I'm willing to bet that most people reading this (who have siblings) can relate to some version of that story.  I don't care where you live, what God you worship, what your socio-economic status is or was: if you have a brother or sister at some point in your childhood you were willing to risk pain, retaliation, and a wooden ruler just to annoy that sibling.  And you'd do it all over again if given the chance, even knowing what you know now.

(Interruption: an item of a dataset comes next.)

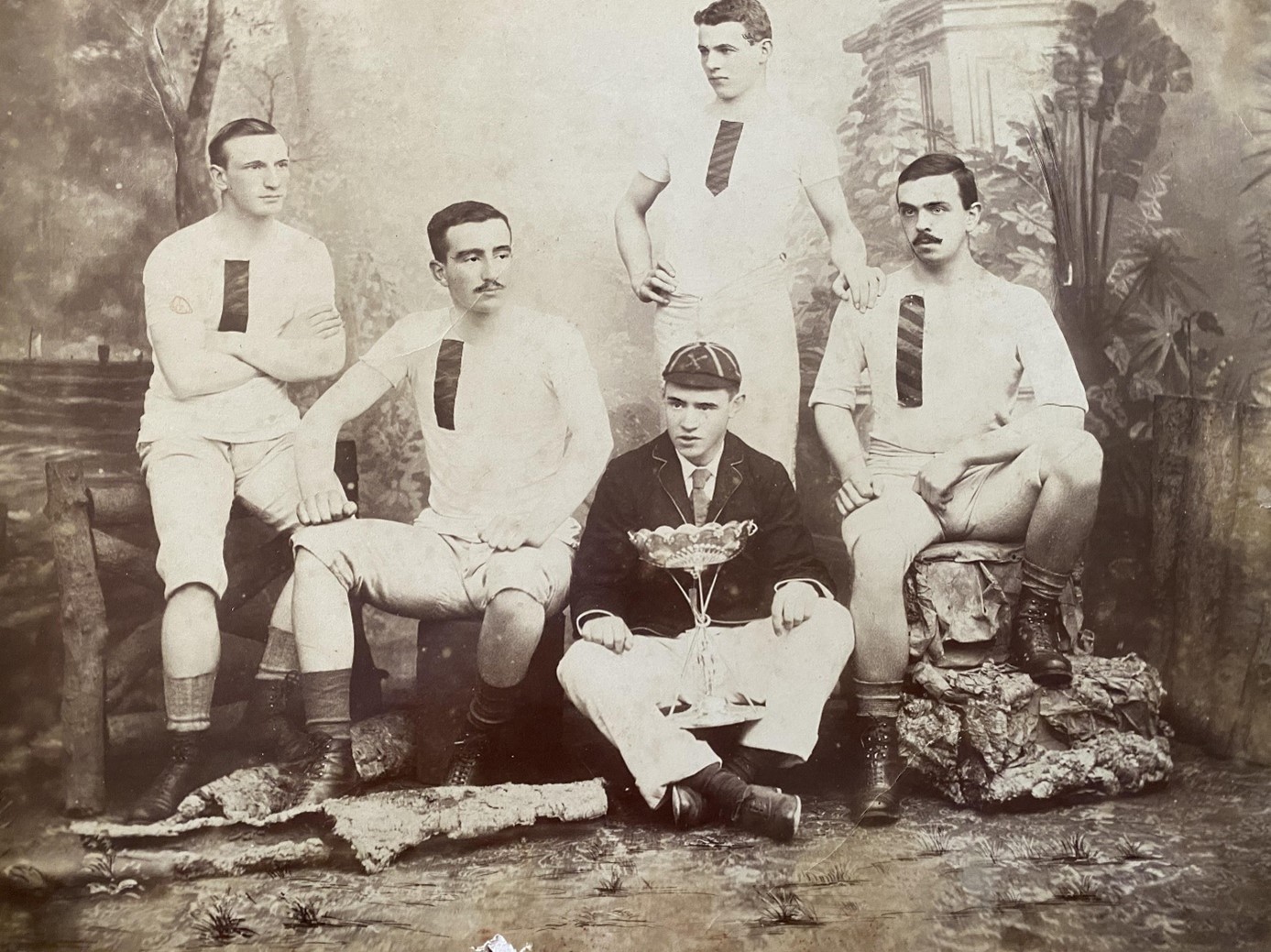 One of Andrews’ crewmates in 1889, Edward Wright, was Jane’s great-grandfather, and she has a tray he won at the previous year’s Dublin Metropolitan Regatta. Perhaps even rarer is the photograph she has of the 1888 Pembroke crew that won the Dodder Challenge Cup, which at that time was an event for ‘gentlemen who have not attained their 21st year, and who have never won a race, unrestricted to class of boat, at a public regatta’. It is the first photograph of a Pembrook R. C. crew that neither I nor Irish Rowing archivist, Kieran Kerr, have seen.

You may even have a slightly different but no less immature and annoying game you play with your spouse, I know I do.  I know it drives Steve crazy if I get the remote before he does.  I like to get the remote and then put it on my legs with my hand loosely on top of it.  Then I can be "too slow" to fast forward the TiVo, something which is guaranteed to make Steve lose his mind, but before he can grab the remote away I snatch it out of his reach and then speed up the fast forwarding.  Seeing poor Steve's hand twitching on his lap as he tries to control his urge to pile-drive me into the couch and take that remote is true entertainment my friends, it really is.

So 'fess up folks.  What did you do or are you currently doing to annoy your siblings or spouse?  Don't be shy, chances are that whatever you did/are doing we have all done or will use as something new to try!

Saturday, March 13, 2010

...And that's why I need more toilet paper.

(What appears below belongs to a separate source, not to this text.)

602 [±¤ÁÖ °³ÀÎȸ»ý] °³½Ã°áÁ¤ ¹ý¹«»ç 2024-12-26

So late last week I had this great idea:  I will turn the remaining 3 months before my 40th birthday into a boot camp of sorts and sculpt my body so that when I turn 40 I will be ripped, cut, and amazing.  I couldn't help it, I was hyped-up by the return of Biggest Loser after the long Winter Olympics hiatus, I'd had a little too much enjoyment from my peanut butter cookie Larabar, and I had recently seen a picture of 42-year-old Halle Berry in her underwear.  Inspiring, to say the least.   Never to be one to do things by halves, I jumped into my new routine.  I made sure my breakfast smoothie was pristine: no cheating by using orange juice for extra flavor because it also adds calories.  My lunchtime veggie intake was a thing of beauty: no dip, a small handful of almonds or walnuts for protein, perhaps some fresh-squeezed lemon juice for some zip.  Snack time I had a Larabar.  Dinner was awash with whole grains, fresh veggies, and simple proteins.   I was working out with a new fervor: 30 minutes on the elliptical, an hour of weigh training, an hour-long cardio class.  Each day I had breakfast, take daughter to school, workout, home, shower, lunch, take a walk, yoga, pick up daughter,  snack, housework, cook dinner, read, bed.  Get up and do it again all over the next day.  Earlier this week I was so sore I was sure my chest pains were a heart attack.  By Wednesday I was sure I had a sinus infection (and still possibly a heart attack).   By Thursday I was so sick I was willing to consider going to Dr. Breast Exam to get antibiotics.  By Friday I was so sick I was only well enough to yell at Steve, but too sick to go to the doctor.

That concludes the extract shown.